As transmission through the quadrupole device 10 is related to its resolution, it is often desirable to maintain a lower resolution at low mass to charge ratio (m/z) and higher resolution at higher mass to charge ratio (m/z). For example, it is common to operate a quadrupole mass filter with a fixed peak width (in Da) at each of the desired mass to charge ratio (m/z) values or over the desired mass to charge ratio (m/z) range.

Thus, according to various embodiments, the resolution of the quadrupole device 10 is scanned, altered and/or varied, e.g. over time. The resolution of the quadrupole device 10 may be varied in dependence on (i) mass to charge ratio (m/z) (e.g. the set mass of the quadrupole device); (ii) chromatographic retention time (RT) (e.g. of an eluent from which the ions are derived eluting from a chromatography device upstream of the quadrupole device); and/or (iii) ion mobility (IMS) drift time (e.g. of the ions as they pass through an ion mobility separator upstream or downstream of the quadrupole device 10).

The resolution of the quadrupole device 10 may be varied in any suitable manner. For example, one or more or each of the various parameters of the plural voltages that are applied to the quadrupole device 10 (as described above) may be scanned, altered and/or varied such that the resolution of the quadrupole device 10 is scanned, altered and/or varied.

According to various embodiments, the quadrupole device 10 may be part of an analytical instrument such as a mass and/or ion mobility spectrometer. The analytical instrument may be configured in any suitable manner.

FIG. 9 shows an embodiment comprising an ion source 80, the quadrupole device 10 downstream of the ion source 80, and a detector 90 downstream of the quadrupole device 10.

Ions generated by the ion source 80 may be injected into the quadrupole device 10. The plural voltages applied to the quadrupole device 10 may cause the ions to be radially confined within the quadrupole device 10 and/or to be selected or filtered according to their mass to charge ratio, for example, as they pass through the quadrupole device 10.

Ions that emerge from the quadrupole device 10 may be detected by the detector 90. An orthogonal acceleration time of flight mass analyser may optionally be provided, for example, adjacent the detector 90

FIG. 10 shows a tandem quadrupole arrangement comprising a collision, fragmentation or reaction device 100 downstream of the quadrupole device 10, and a second quadrupole device 110 downstream of the collision, fragmentation or reaction device 100. In various embodiments, one or both quadrupoles may be operated in the manner described above.
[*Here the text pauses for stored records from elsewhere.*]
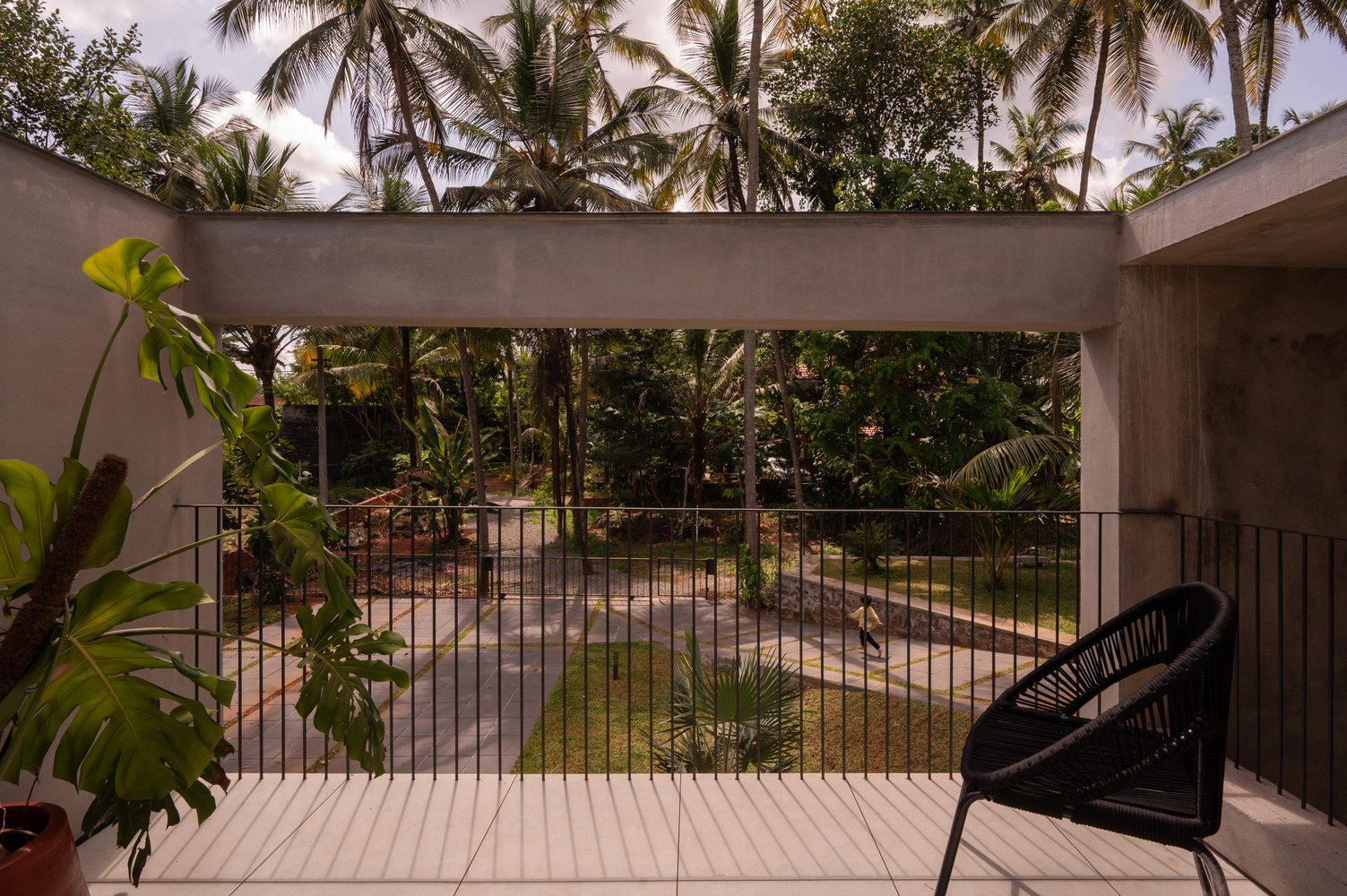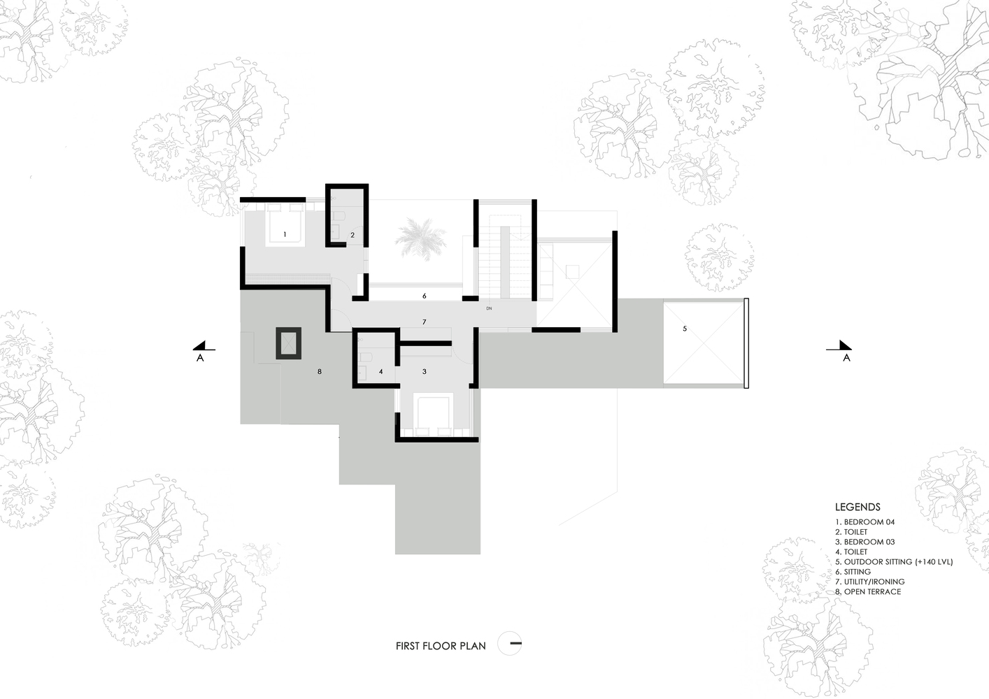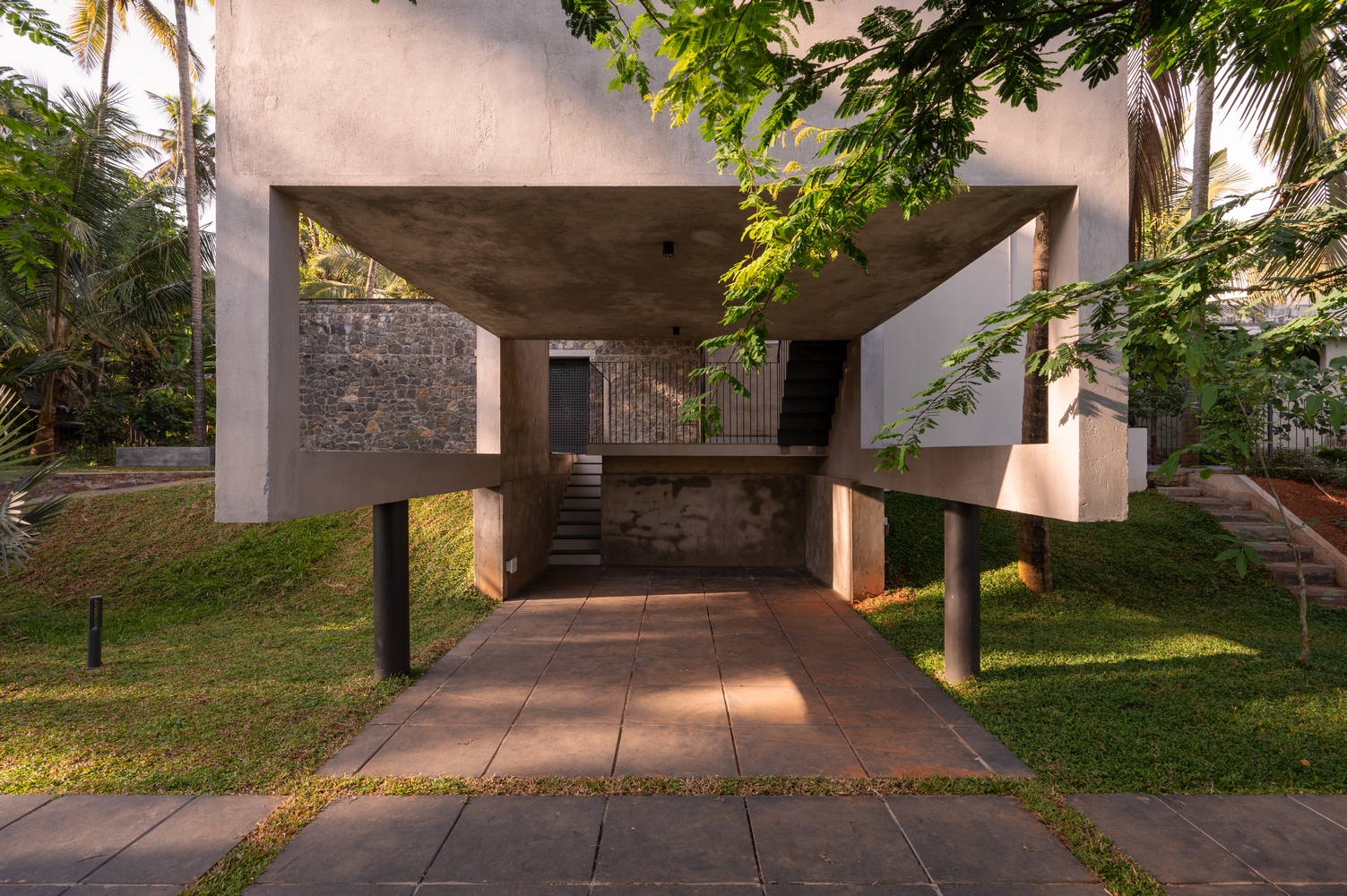 The site has itself got a terrain with a foot level difference within. The zoning was managed to achieve a car parking, a living room, a dining room, four bedrooms with attached toilets and a kitchen, a work space, and a courtyard.
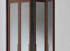 DORSIA木框玻璃折叠门配有咖啡色边框和Ambra Acidato玻璃,门把手表层为氧化铝材质。DORSIA创新设计体现在推拉门和双向铰链上。
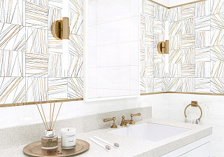 Коллекция Modern выглядит очень эффектно благодаря геометричному декору с золотыми полосками. Формат 249×500 мм удобен для укладки и смотрится очень гармонично в помещении. Два цвета базовой плитки с глянцевой поверхностью помогут создать индивидуальный интерьер.
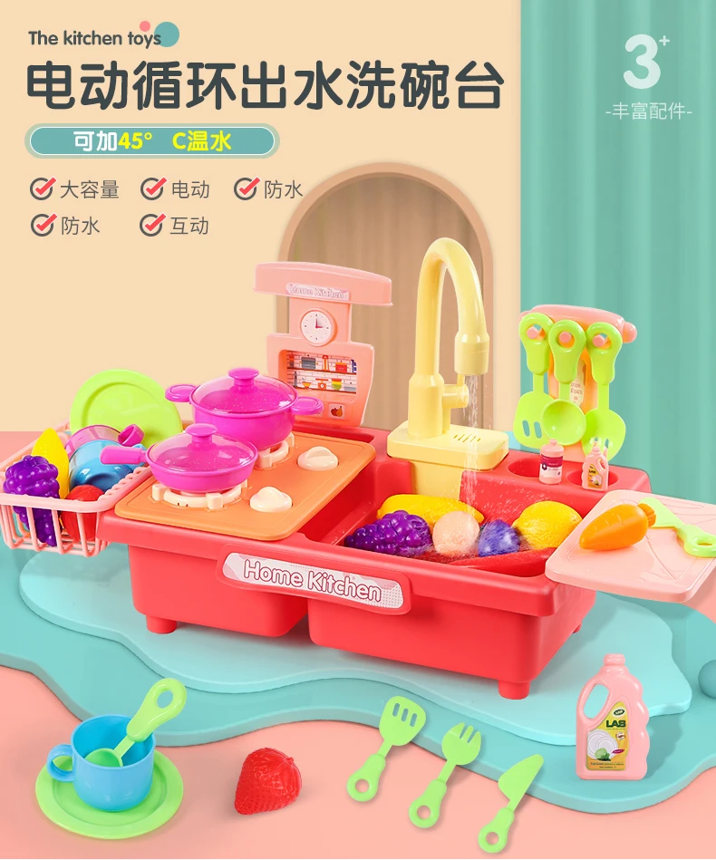Этот набор кухонной раковины поможет детям научиться базовому стилю. Яркие и многоцветные цвета привлекают внимание детей, повышают их интерес, а сочетание цветов может эффективно улучшить их познавательные способности цвета. Хорошо развивать ум ребенка, творческие способности и способность мышления. Идеальный подарок для детей, чтобы принести им больше удовольствия и сюрприза. Дети могут играть в теплую воду и избегать холода
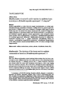 Aklan, Anna (2025) Madhuvidyā: A mézről szóló tanítás és vedānta kommentárjai a Bṛhadāraṇyaka-upaniṣad 2.5 alapján. KELETKUTATÁS, 36 (1). pp. 5-28. ISSN 0133-4778
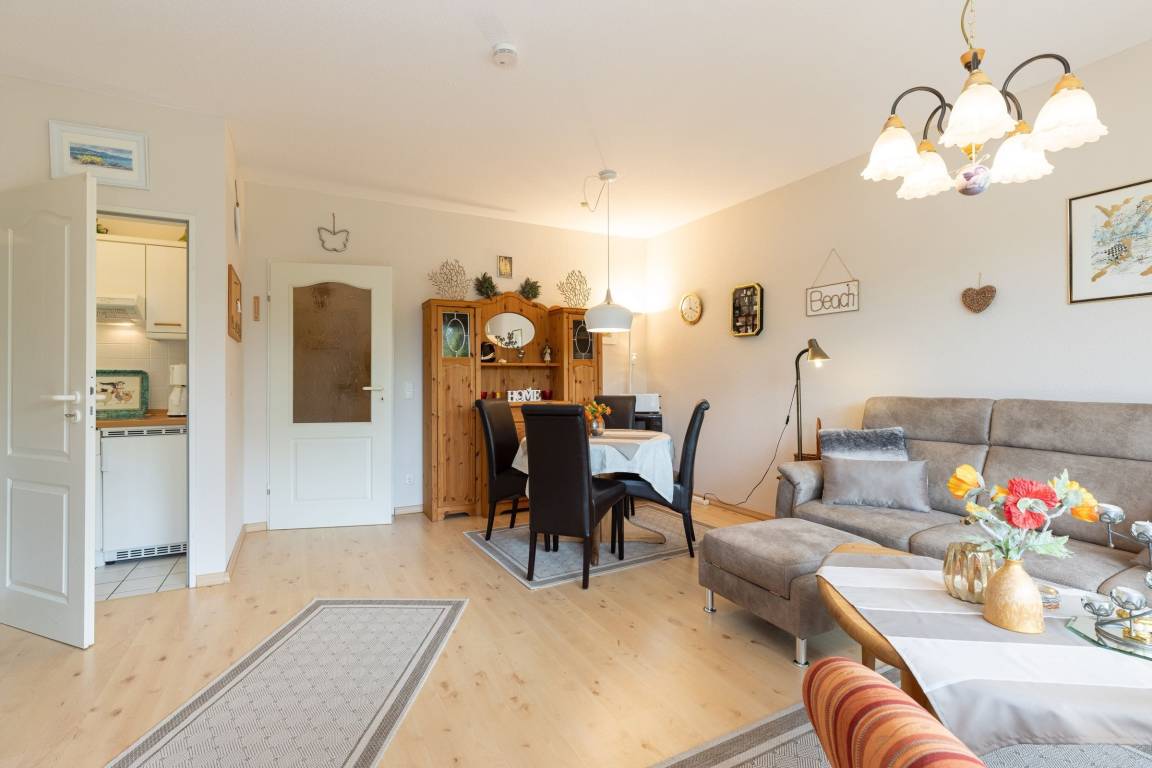 Durch den Flur betreten Sie das Wohnzimmer, welches mit einem Sofa (Liegefläche 85x185cm) und Sesseln sowie einem Essplatz für bis zu 4 Personen behaglich eingerichtet ist. Für Unterhaltung sorgen z. B. ein Flachbildfernseher und ein kostenfreier WLAN-Anschluss.
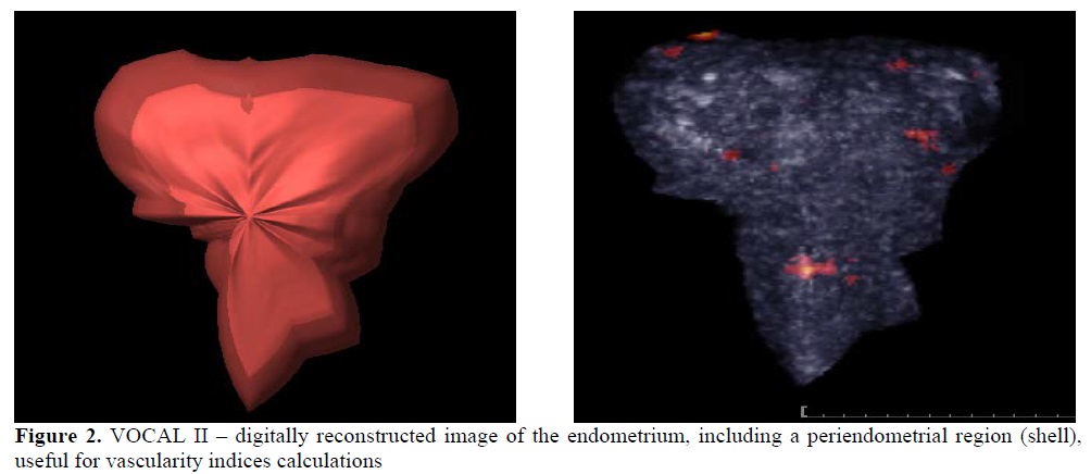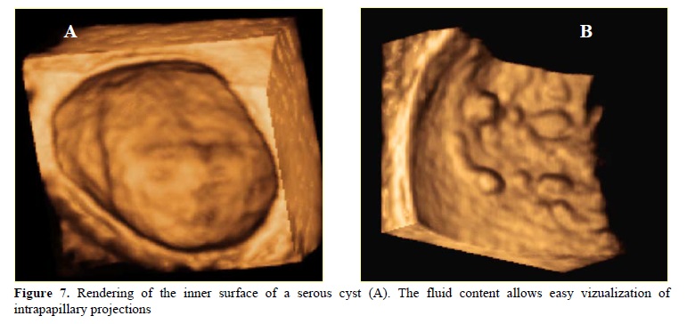 Abnormal vascularisation, with increased RI in the dominant ovary is a marker of lutheal phase defect and a poor pregnancy outcome (15). The solitary ovarian cyst benefits of a correct volume calculation using 3D ultrasound and a graphic representation of the structure, its shape and relations. A cyst offers a fluid environment, facilitating the view of inner structures, such as intracystic papillae or vegetations, clearing the etiology and the prognosis (figure 7). It interferes with fertility whenever a great proportion of ovarian substance is destroyed, but it represents one of the most frequent sonographic findings. The VOCAL II associated with Doppler acquisition offers information about peripheral vascularisation, as a supplementary prognosis index.

In these embodiments, the ion source 80 may comprise any suitable ion source. For example, the ion source 80 may be selected from the group consisting of: (i) an Electrospray ionisation (“ESI”) ion source; (ii) an Atmospheric Pressure Photo Ionisation (“APPI”) ion source; (iii) an Atmospheric Pressure Chemical Ionisation (“APCI”) ion source; (iv) a Matrix Assisted Laser Desorption Ionisation (“MALDI”) ion source; (v) a Laser Desorption Ionisation (“LDI”) ion source; (vi) an Atmospheric Pressure Ionisation (“API”) ion source; (vii) a Desorption Ionisation on Silicon (“DIOS”) ion source; (viii) an Electron Impact (“EI”) ion source; (ix) a Chemical Ionisation (“CI”) ion source; (x) a Field Ionisation (“FI”) ion source; (xi) a Field Desorption (“FD”) ion source; (xii) an Inductively Coupled Plasma (“ICP”) ion source; (xiii) a Fast Atom Bombardment (“FAB”) ion source; (xiv) a Liquid Secondary Ion Mass Spectrometry (“LSIMS”) ion source; (xv) a Desorption Electrospray Ionisation (“DESI”) ion source; (xvi) a Nickel-63 radioactive ion source; (xvii) an Atmospheric Pressure Matrix Assisted Laser Desorption Ionisation ion source; (xviii) a Thermospray ion source; (xix) an Atmospheric Sampling Glow Discharge Ionisation (“ASGDI”) ion source; (xx) a Glow Discharge (“GD”) ion source; (xxi) an Impactor ion source; (xxii) a Direct Analysis in Real Time (“DART”) ion source; (xxiii) a Laserspray Ionisation (“LSI”) ion source; (xxiv) a Sonicspray Ionisation (“SSI”) ion source; (xxv) a Matrix Assisted Inlet Ionisation (“MAII”) ion source; (xxvi) a Solvent Assisted Inlet Ionisation (“SAII”) ion source; (xxvii) a Desorption Electrospray Ionisation (“DESI”) ion source; (xxviii) a Laser Ablation Electrospray Ionisation (“LAESI”) ion source; (xxix) a Surface Assisted Laser Desorption Ionisation (“SALDI”) ion source; and (xxx) a Low Temperature Plasma (“LTP”) ion source.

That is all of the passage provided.